===== Data records

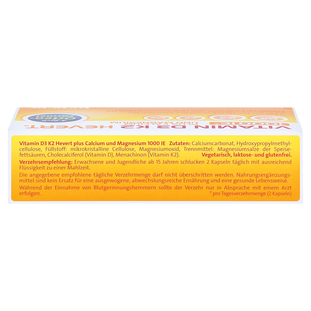 Главная страница » Товары » VITAMIN D3 K2 Hevert plus Ca Mg 1.000 I.E./2 Kaps.
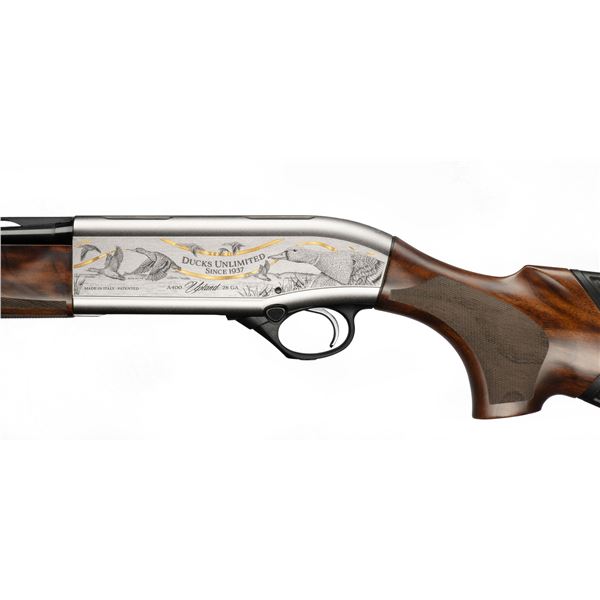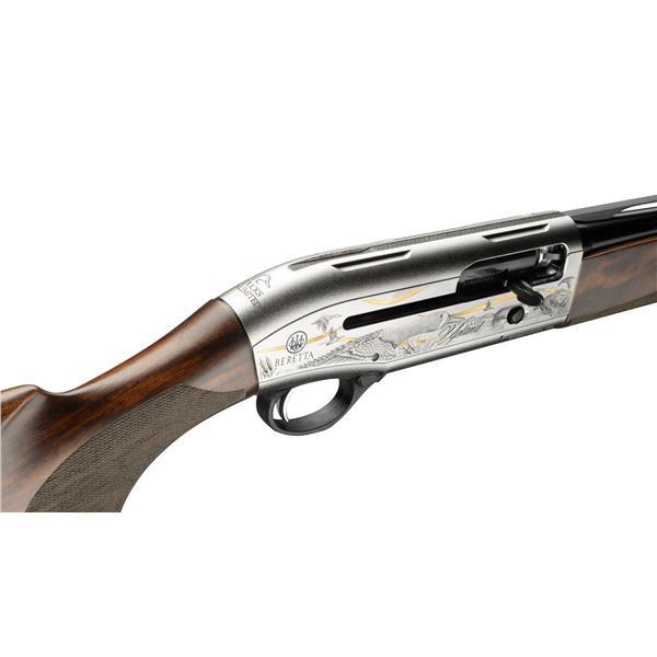 The Beretta A400 Upland is featured as the 2025 Shotgun of the Year. It is a premium 28-gauge shotgun that combines superior performance with exquisite craftsmanship. Its nickel finish receiver adds a touch of elegance, complemented by a Turkish walnut stock with Kick-Off Plus and forend with a glossy finish. This is the first 28 gauge ever to be released by Beretta in the United States with a Kick-Off Plus stock. The shotgun is adorned with DU artwork and gold inlays, along with the DU logo, making it a visually stunning piece. The 28-inch barrel comes with five choke tubes, allowing for versatile shooting options, while the 3-inch chamber ensures it can handle a variety of loads. This exceptional firearm is housed in a durable polymer case featuring the DU logo and includes special DU serial numbers, enhancing its collectible value. For safety, a gun lock is included, ensuring secure storage. The Beretta A400 Upland stands out as a top-tier shotgun, perfect for enthusiasts and collectors alike.
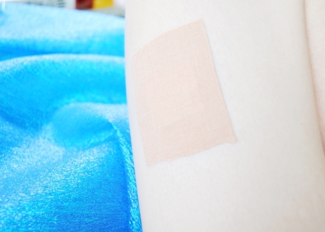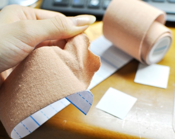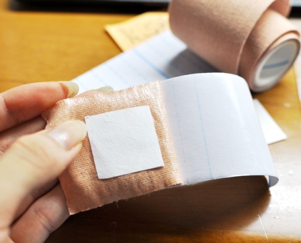 ?そのまま貼ると薄い為、粘着面に紙を貼ります。 絆創膏のような状態に。紙はコピー用紙等で可。 |
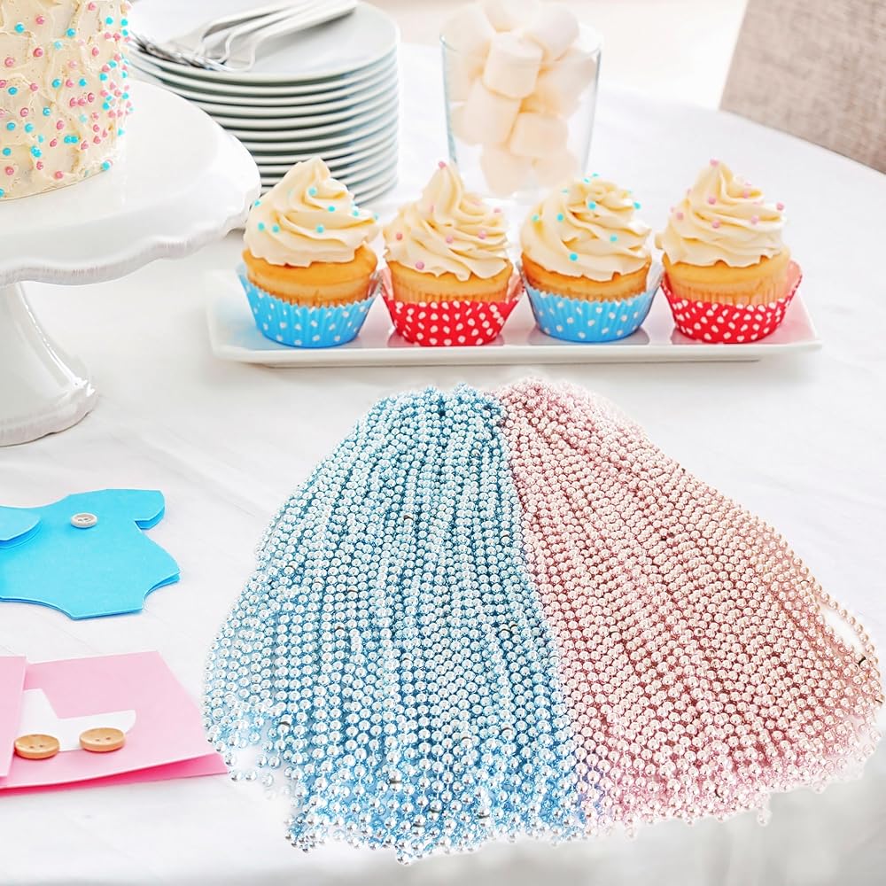 GiftExpress 72 حزمة قلادة الخرز ماردي غرا، الطفل الوردي والأزرق الطفل يكشف عن جنس الطفل لحفلة إعلان استحمام الطفل
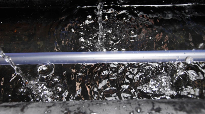 The extruded tube is rapidly cooled in a bath of chilled water.
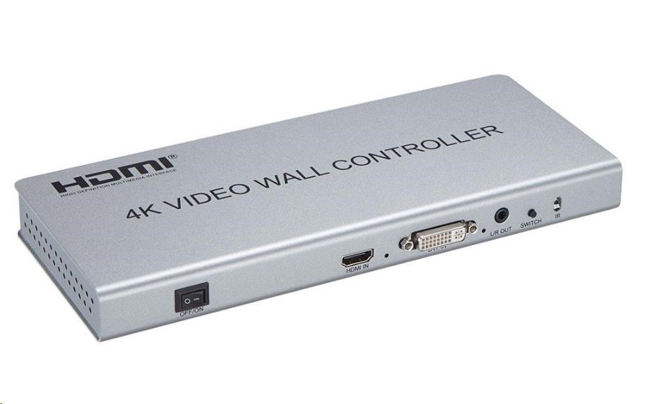 - Video Wall controller umožňuje zobrazit jeden HDMI nebo DVI signál na čtyři výstupy HDMI, na čtyři zobrazovače nebo čtyři monitory.
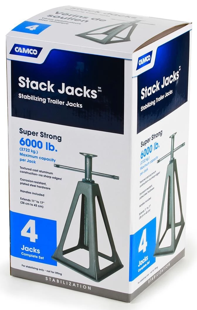 Use Camco 3-Ton Stack Jacks (4-Pack) to safely and evenly raise an RV up to 17 in. off the ground. Each cast aluminum jack supports up to 3-tons of weight. Height is adjustable up to 17”
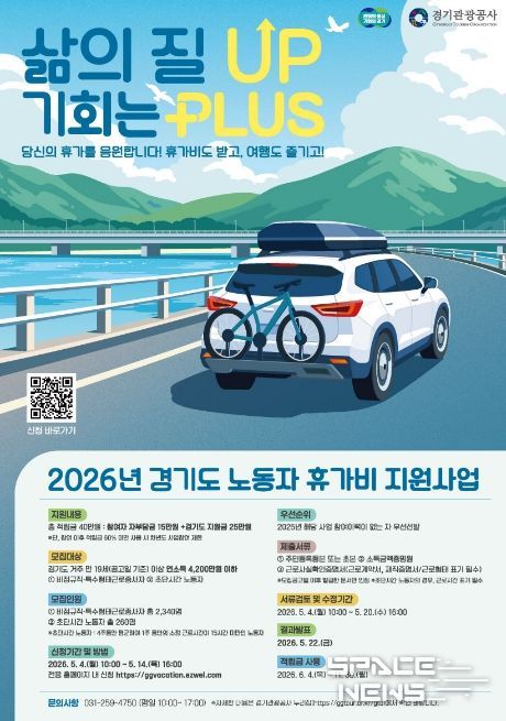 스페이스뉴스 스페이스뉴스 기자 | 경기도가 경제적 부담으로 휴식을 포기했던 비정규직과 특수형태근로종사자에게 휴가비를 지원하는 ‘취약노동자 휴가비 지원사업’ 참여자를 5월 4일부터 14일까지 모집한다.
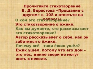 Ответы на вопрос » образование » Какой тон чтения у стихотворения Берестова "Прощание с другом"?
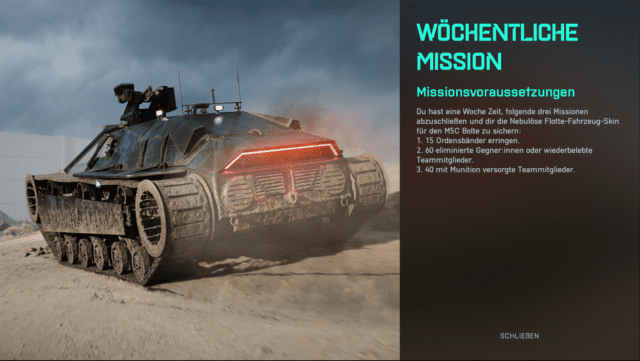 Spieler von Battlefield 2042 können seit Heute die dritte von vermutlich insgesamt 12 verfügbaren Missionen im Rahmen der Battlefield 2042 Pre-Season abschließen. Wie auch die Wochen zuvor wartet nach Erledigung der drei Aufgaben eine Belohnungen auf euch. Die dritte wöchentliche Mission ist ab sofort im Spiel verfügbar und belohnt euch mit einem epischen Skin “Diffuse Flotte” für den bei vielen Spielern gefürchteten M5C Bolte.
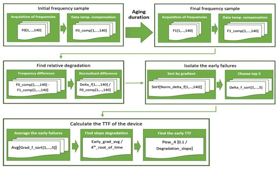 Initially, we attempted to achieve accurate TTF measurements by averaging the TTF values of the 140 rings. This is the procedure used to obtain accuracy in the tests with high stress. In this case, where devices are operating at regular use conditions, the results lacked stability and were unsatisfactory. We concluded that the measurements received were not recording the degradation of the system, but rather system noise. We then developed an algorithm that implemented the noise reduction techniques explained in Section 3. The flow of the algorithm is presented in Figure 8 below. The first two actions detailed in the first level of the flow are acquisitions of the initial and final sample frequencies of all the rings and are stored in arrays F0 and F1. The data extracted are adjusted using the temperature compensation Formulas (7) and (8), and are stored in arrays F0_comp and F1_comp. Next, the normalized displacement of each individual ring is calculated. The difference in frequencies is found by storing F0_comp–F1_comp into Delta_f and them normalizing it by dividing by F0_comp and sorting the results in Norm_delta_f. The normalized differences are sorted using the “sort” function from largest to smallest. The solution is in array Delta_f_sort. We chose the first five values from the array to obtain the early failures. These values were averaged and stored in the scalar Early_grad_avg. This value was divided by the time value, which, in our case, was simply 2 h (since the 4th root of 16 is 2) to obtain the slope degradation. The result was used to calculate the TTF of the system.
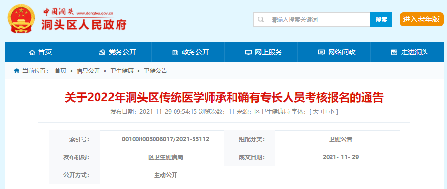 附件:浙江省中醫(yī)藥管理局關(guān)于做好2022年傳統(tǒng)醫(yī)學(xué)師承和確有專長(zhǎng)人員考核報(bào)名工作的通知(http://www.dongtou.gov.cn/art/2021/11/29/art_1229516962_59047927.html)
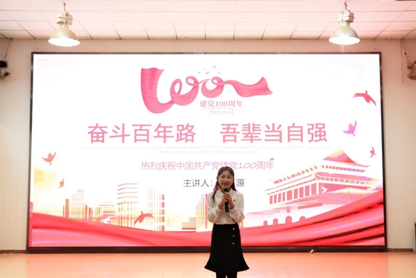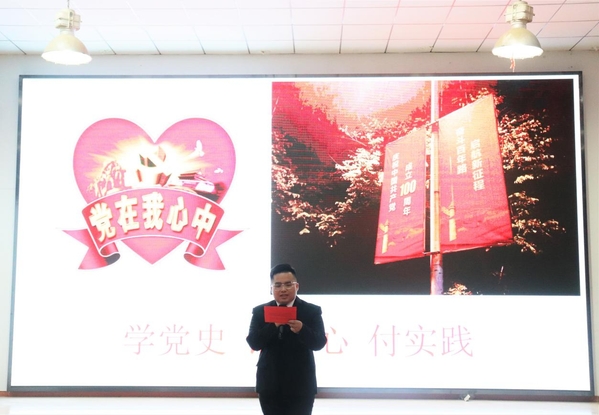 其后学院党总支副书记海鹏老师上台致辞,他说:本次活动无论是支部还是个人都非常积极,党史学习教育将持续进行,希望大家一直保持积极向上的精神风貌,从百年党史中汲取营养,努力学习悟透百年党史,将理论实践,形成蓬勃向上的发展风气。
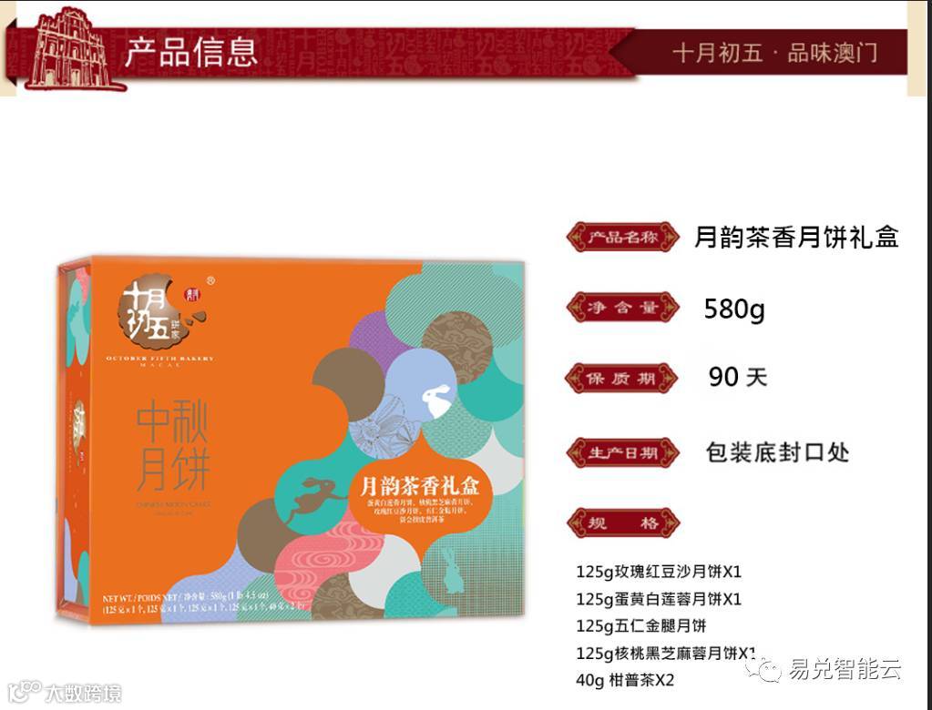 我们成功的把澳门十月初五饼家接入易兑积分商城,在这里你可以使用中国移动积分、中国电信翼支付话费红包、微信支付、支付宝购买到来自十月初五饼家的月饼。
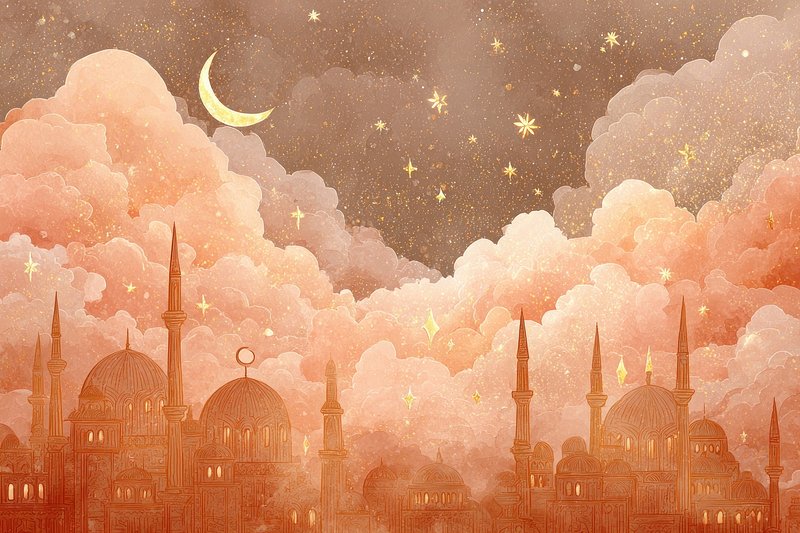Dreamy celestial mosque illustration https://www.rawpixel.com/image/25163031/dreamy-celestial-mosque-illustrationView license
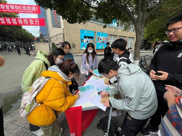 本次活動面向全校學(xué)生開展,在一食堂附近擺攤,同學(xué)們在攤位領(lǐng)取信封、信紙,書寫自己內(nèi)心的煩惱并交給攤位,攤位收集已完成“雲(yún)書”,各校交換所寫信件并進(jìn)行回復(fù)。
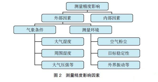 激光跟蹤儀是一種多學科綜合應用的大尺寸工業(yè)測量儀器,其測量精度主要受測角和測距的精度以及環(huán)境的影響,如圖2所示。建立相應的技術操作規(guī)范,每次使用測量之前,應對儀器進行現(xiàn)場檢查,判斷當時的測量條件,并定期實施校準。
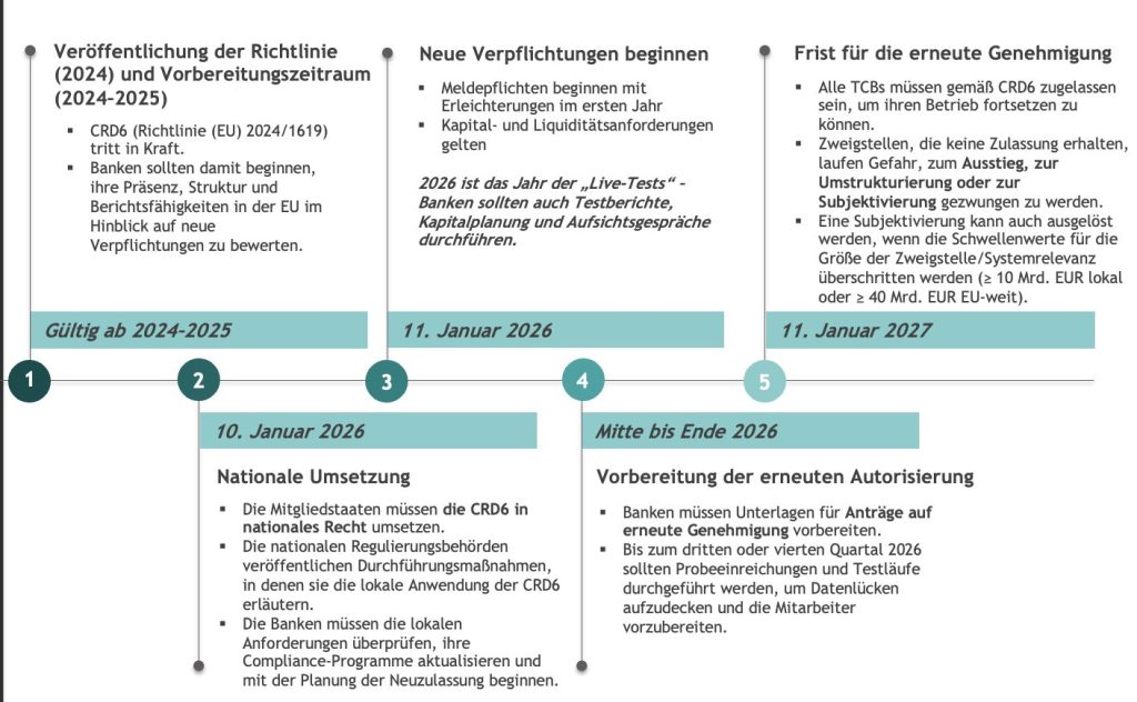 Die neue Eigenkapitalrichtlinie der EU (CRD6 / Richtlinie (EU) 2024/1619) harmonisiert die Vorschriften für Drittlandsbanken in der EU. Ab dem 11. Januar 2027 dürfen ausländische Banken keine grenzüberschreitenden Kernbankdienstleistungen mehr erbringen; sie müssen über eine zugelassene EU-Zweigstelle oder -Tochtergesellschaft tätig sein.
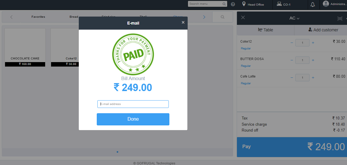 Now, the bill amount has been paid and the email id can be entered for receiving the payment receipt.
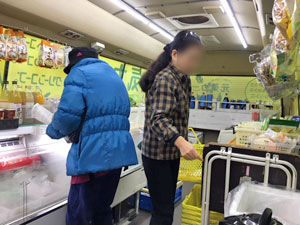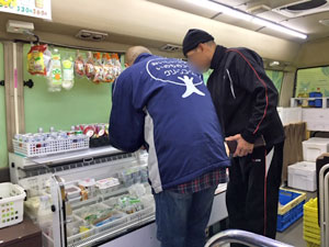・木山東仮設では、毎回訪問して商品をお届けしている高齢の女性の方が、初めて買い物に来られました。トマトや菓子パン、牛乳などを買われ、買い物に来られた方とお茶を飲みながら楽しそうに話をされていました。「来週も元気カーに買い物に来たい」とおっしゃっていました。
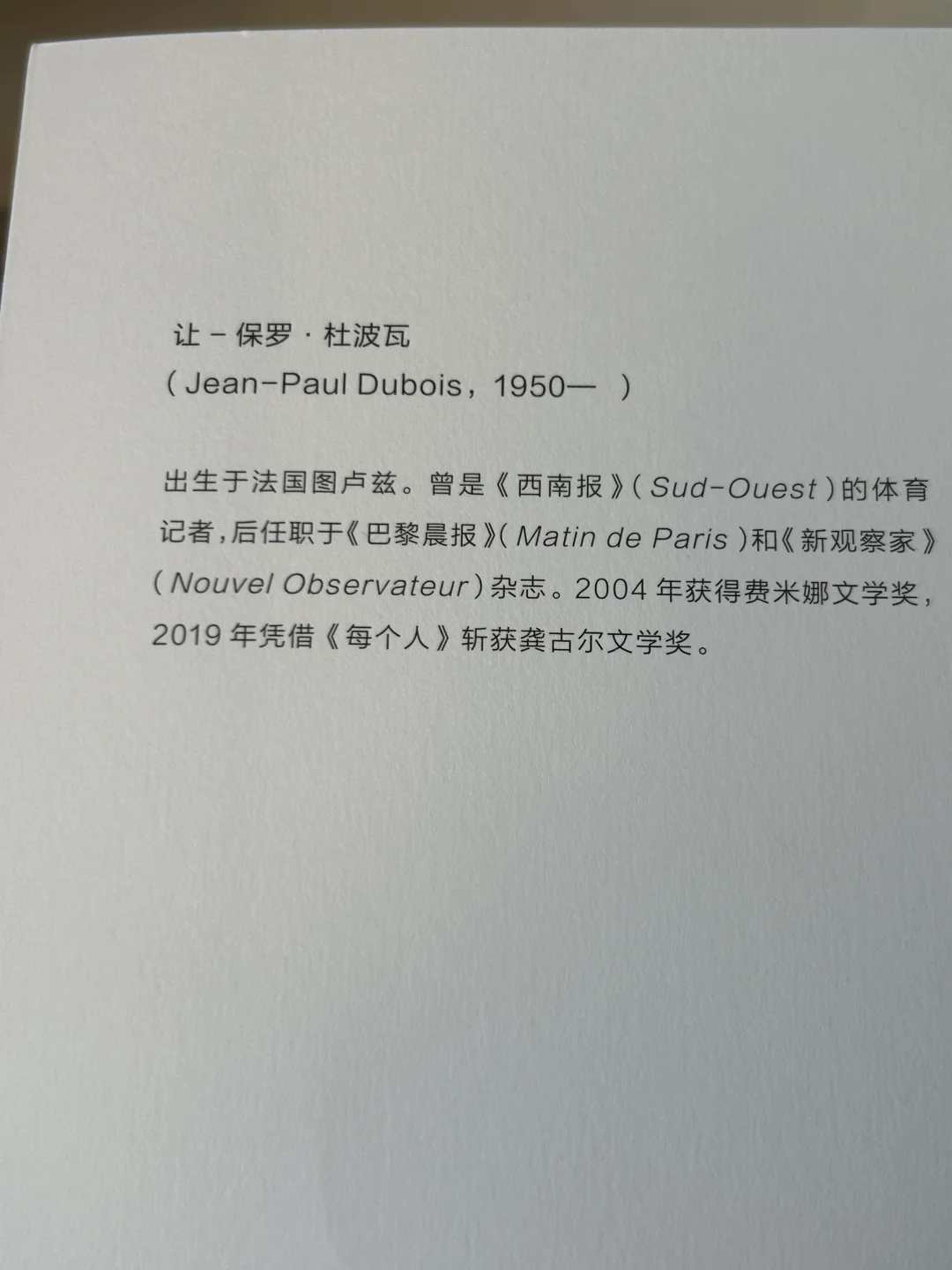 这本书是法国作家让-保罗-杜波瓦的半自传色彩虚构小说。我最开始了解这本书是通过蒋方舟,杜波瓦还有一本书《每个人》,两本书就奠定他的写作生涯,让他获得了费米娜文学奖和龚古尔文学奖。

==========

→ **What needs to be done**
Everything from the line with "附件:浙江省中醫(yī)藥管" down to the line with "激光跟蹤儀是一種多學科綜合應" in the data above should be copied exactly, with both end lines kept and the pictures left out.

→ **Finished exercise**
 附件:浙江省中醫(yī)藥管理局關(guān)于做好2022年傳統(tǒng)醫(yī)學(xué)師承和確有專長(zhǎng)人員考核報(bào)名工作的通知(http://www.dongtou.gov.cn/art/2021/11/29/art_1229516962_59047927.html)
 其后学院党总支副书记海鹏老师上台致辞,他说:本次活动无论是支部还是个人都非常积极,党史学习教育将持续进行,希望大家一直保持积极向上的精神风貌,从百年党史中汲取营养,努力学习悟透百年党史,将理论实践,形成蓬勃向上的发展风气。
 我们成功的把澳门十月初五饼家接入易兑积分商城,在这里你可以使用中国移动积分、中国电信翼支付话费红包、微信支付、支付宝购买到来自十月初五饼家的月饼。
Dreamy celestial mosque illustration https://www.rawpixel.com/image/25163031/dreamy-celestial-mosque-illustrationView license
 本次活動面向全校學(xué)生開展,在一食堂附近擺攤,同學(xué)們在攤位領(lǐng)取信封、信紙,書寫自己內(nèi)心的煩惱并交給攤位,攤位收集已完成“雲(yún)書”,各校交換所寫信件并進(jìn)行回復(fù)。
 激光跟蹤儀是一種多學科綜合應用的大尺寸工業(yè)測量儀器,其測量精度主要受測角和測距的精度以及環(huán)境的影響,如圖2所示。建立相應的技術操作規(guī)范,每次使用測量之前,應對儀器進行現(xiàn)場檢查,判斷當時的測量條件,并定期實施校準。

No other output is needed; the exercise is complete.